Leg Press Squat Jump – Load a decline leg press machine with a weight that will allow you to lower the sled as deeply as possible, knees at the sides of chest, not on top of chest.

Push back up half way so that knees are bent a little more than 90 degrees. Hold two seconds and release deeply again. The reps are done at the bottom half of the movement. You will need much lighter weight than what you’re used to since these are partial, static-hold reps. The load should be adjusted so that this starts hurting within 8-12 reps.

At the end, quickly exit the machine and do 90-degree squat jumps to exhaustion. Pause in between each one if necessary to lift off. Get back into the machine quickly enough so that only 30-45 seconds pass before the next set. Repeat this pairing three times.
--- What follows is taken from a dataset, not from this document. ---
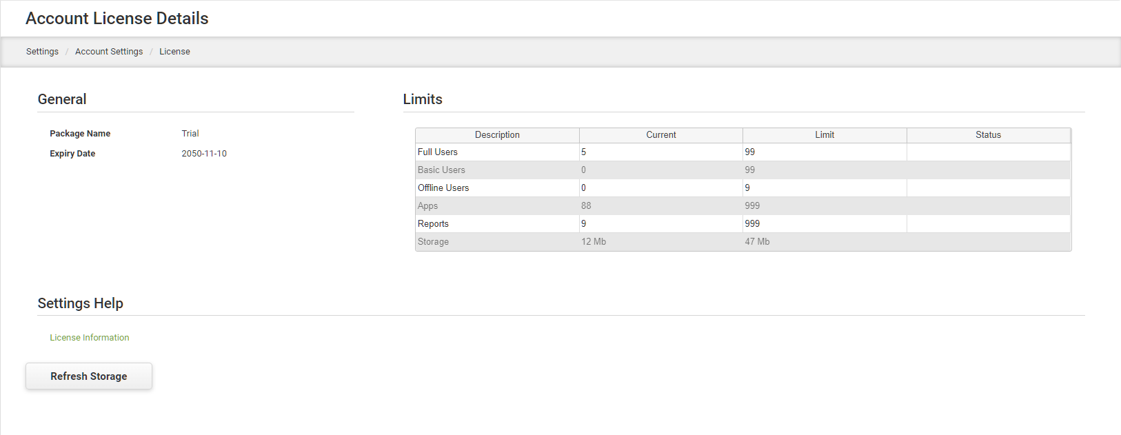 •License Information - Click this link to open this online help guide. •Refresh Storage - Click this button to refresh the page and get up-to-date storage details for the account. |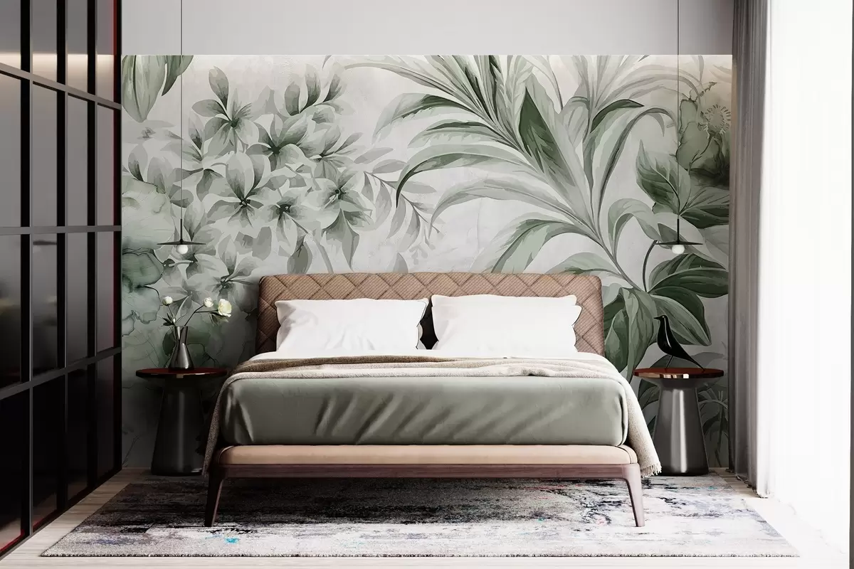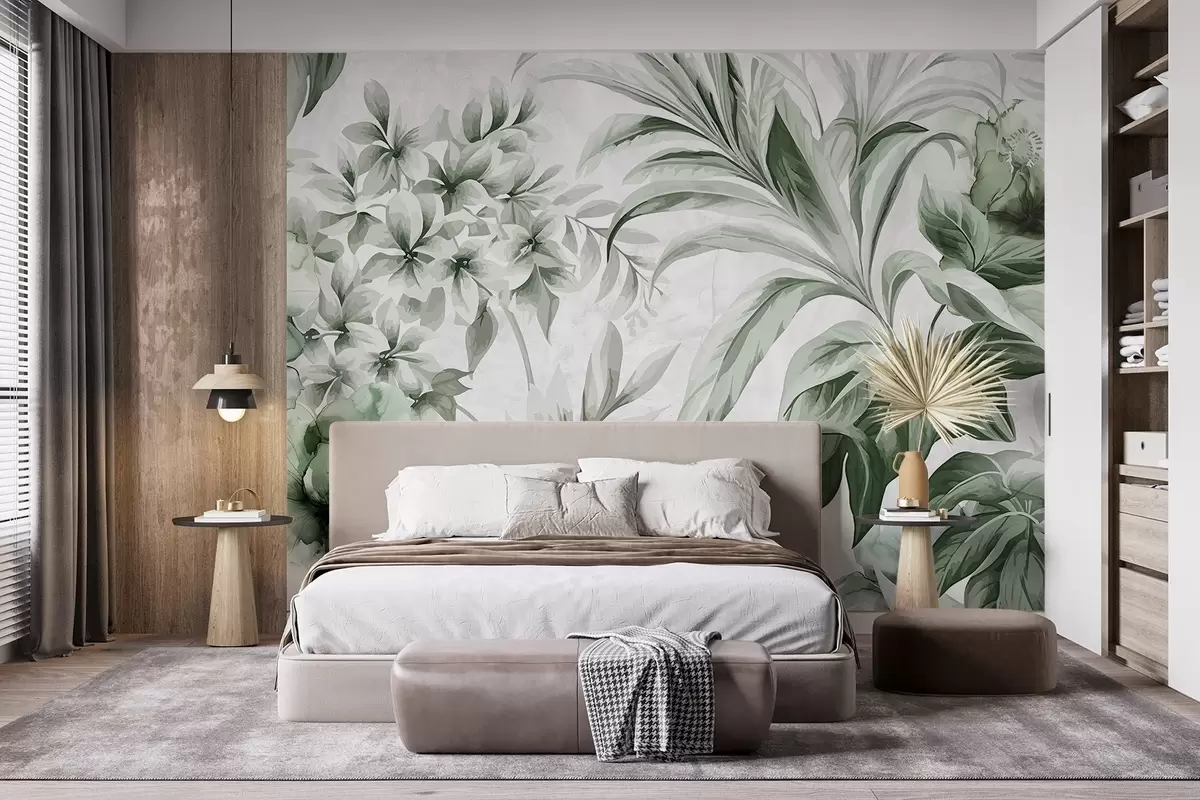 Fototapetes Tropu lapas un zaļumi pieklusinātā paletē no gaiši līdz tumši zaļiem toņiem uz teksturēta gaiša fona Nr. w08650

Dumbbell Stair Dash – Trot up a full staircase (such as those at a gym) as fast as possible, one step at a time, while holding dumbbells in each hand that are too heavy to make two-step trotting possible. Do three sets with 60-second rests.

Quad Crucifier – Perform an 8-12 rep max on a leg extension machine. Immediately reduce resistance by 30 pounds and lift again, to failure. Repeat the resistance reduction by 30 pounds and again go to failure. Do three sets with 60-90 second rests.

Explosive Squats – Load a Smith machine with enough weight to make 20 squats difficult. Explode upward and immediately lower back down for every rep. Do five, 20-rep explosive squats. Reaching 20 may not be possible by the fourth or fifth set; do as many as possible, resting only 45 seconds in between sets.

Treadmill Hopping – While walking 2 mph, raise the incline to 15 percent. Hold onto the rails, place feet on either side of tread, and bring speed up to 3 mph. Step back on, release hands, and begin jumping using both feet at once; do not let your feet hit the tread at separate times. While you’re hopping, hands are free in the air and they coordinate with the jumping.

Continue hopping this way for up to 30 seconds, then walk while lowering the incline and speed to casual effort. After one minute, return the incline to 15 percent and repeat the jumping two more times, each time increasing the speed by one half mile per hour. The goal is to find the speed that leaves you heavily panting.

Warning: This requires some athleticism. It’s recommended that even “natural athletes” start at 3 mph. Work up to 5.5 mph at 15 percent incline, even if for only 15 seconds. It’s a killer!